I’ve been there. A thousand years ago, my wife, the beautiful Judy Licht, and I traveled 3,000 miles with our daughter Jessie, then a three-year-old, to Disneyland to see “Mickey.”
We were less than 20 feet inside the Disney property when three characters, one dressed like Pluto, along with one dyspeptic-looking and another dopey-looking dwarf, rushed up and hugged my daughter. She started to hysterically scream, thinking she was being attacked by a nine-foot-tall dog and two four-foot dwarfs with giant heads. She didn’t stop crying for hours. The only character who calmed her down was an attractive young blond woman in a pink dress who was billed as Cinderella. It was quite a sight – there was Cinderella kneeling down so that she was eye level with about eight little kids who were gazing at her in awe.
There were the children’s mothers, misty-eyed at their kids’ sense of innocence and wonder. There were the kids’ fathers, standing on their toes to better look down the front of Cinderella’s dress. Forget men are from Mars, women are from Venus; this, I thought, is the difference between men and women. I remember feeling like a low-life standing there, with the other fathers, on our toes trying to get a look at Cinderella’s cleavage. I don’t know about the other men, but I hated myself. For crying out loud, I was lusting after Cinderella! What was next for me, Snow White?
Of course my daughter was too young to go on any ride except something called the “Pink Teacup.” I had to ride with her over and over, spinning around until I almost threw up the corn dogs, frozen bananas and icky green drink that I had eaten because it was the stuff that passed as food in Disney World in those days.

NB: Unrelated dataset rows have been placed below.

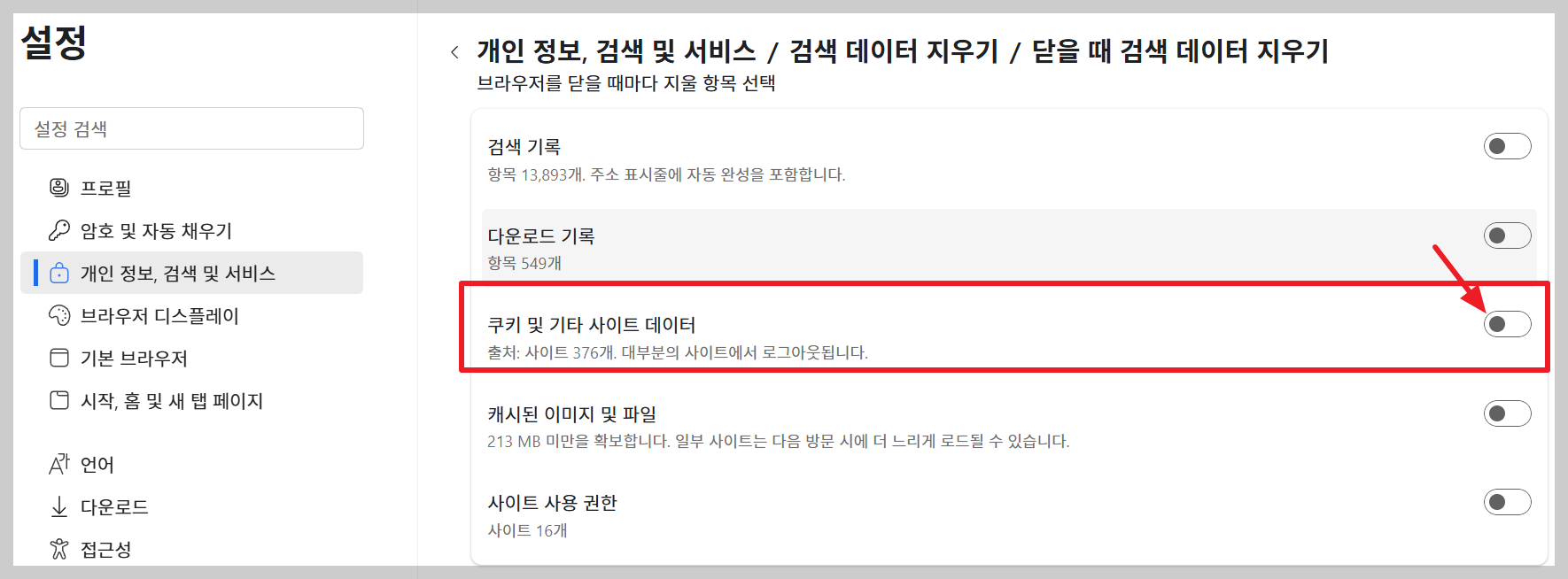 - 목록 중 [쿠키 및 기타 사이트 데이터] 스위치가 [꺼짐] 상태여야 합니다. (이게 켜져 있으면 브라우저 종료 시 로그아웃됩니다.)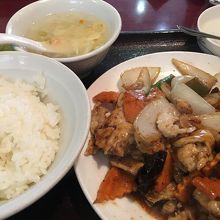 天王洲アイルのオフィス街にある中華料理屋さんで、平日の昼、夜はとても混雑しています。特にランチタイムはお得で定食の種類はいくつかありますが、個人的にオススメなのは鶏肉の黒胡椒炒めです。柔らかい鶏肉と玉ねぎやキャベツの相性が良く、お腹いっぱいでした。味付けも文句なしです。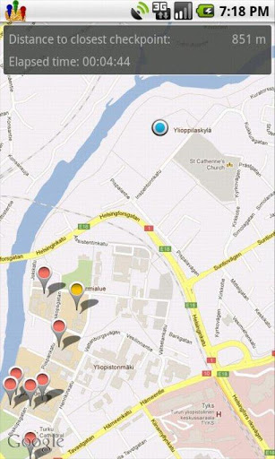 An outdoor adventuring application. Create an adventure by placing checkpoints on a map. This can be done on our website: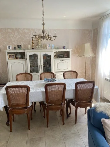 Looking for your dream home? This charming house offers the perfect blend of comfort and convenience, ready to welcome you. With its spacious living areas and abundant natural light, it's ideal for relaxing and entertaining guests. The property features several bedrooms, modern bathrooms, and a lovely garden ideal for outdoor entertaining or relaxing afternoons. Located in a friendly neighborhood with easy access to schools, shops, public transportation, and the lake, it's perfect for families or anyone looking to lead a peaceful life while staying connected. Main house with entrance to corridor with 2 cupboards serving a fitted kitchen of 14.45m², a living/dining room of 25.56m² with wood insert, 3 bedrooms including one with en suite WC and sink (9.56 - 11.95 and 12.61m²), a new shower room of 6.13m² with WC and underfloor heating and a converted room located in the attic of 17.15m². Separate gite with possibility of renting: Living/dining room 9.84m², a fitted kitchen of 6.22m², a modern shower room of 3.56m², 2 bedrooms (8.79 and 9.80 m²), terrace. Recent renovation, car parking, 2 garages, garden with terrace, latest generation electric radiators, wood insert with ventilation outlet, optical fiber, south facing, partial double glazing, recent attic insulation, Property Tax: €1784/year
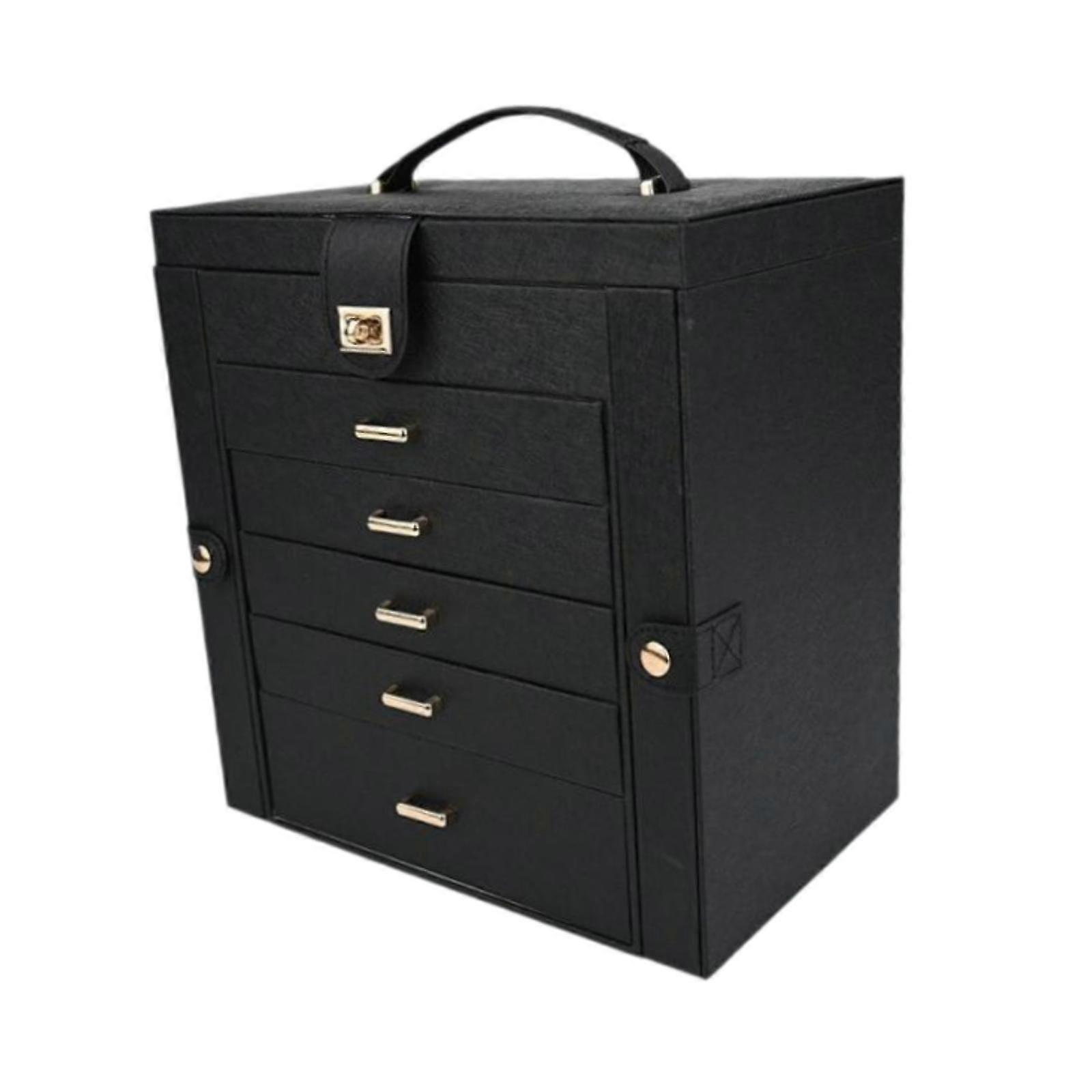 Jewelry Storage Box with 6 Drawers Jewelry Case for Anklet Glasses Bracelets Black

Did I learn my lesson that trip? Of course not – a few years later, I carried my sleeping four-year-old son on my back for hours at Epcot Center in Florida. After a while, he felt like he weighed 200 pounds. This may give me a heart attack, I thought to myself. Then I started wondering if the EMS guys, who were going to have to paddle my heart back into rhythm, would arrive with paddles that had Disney characters painted on them.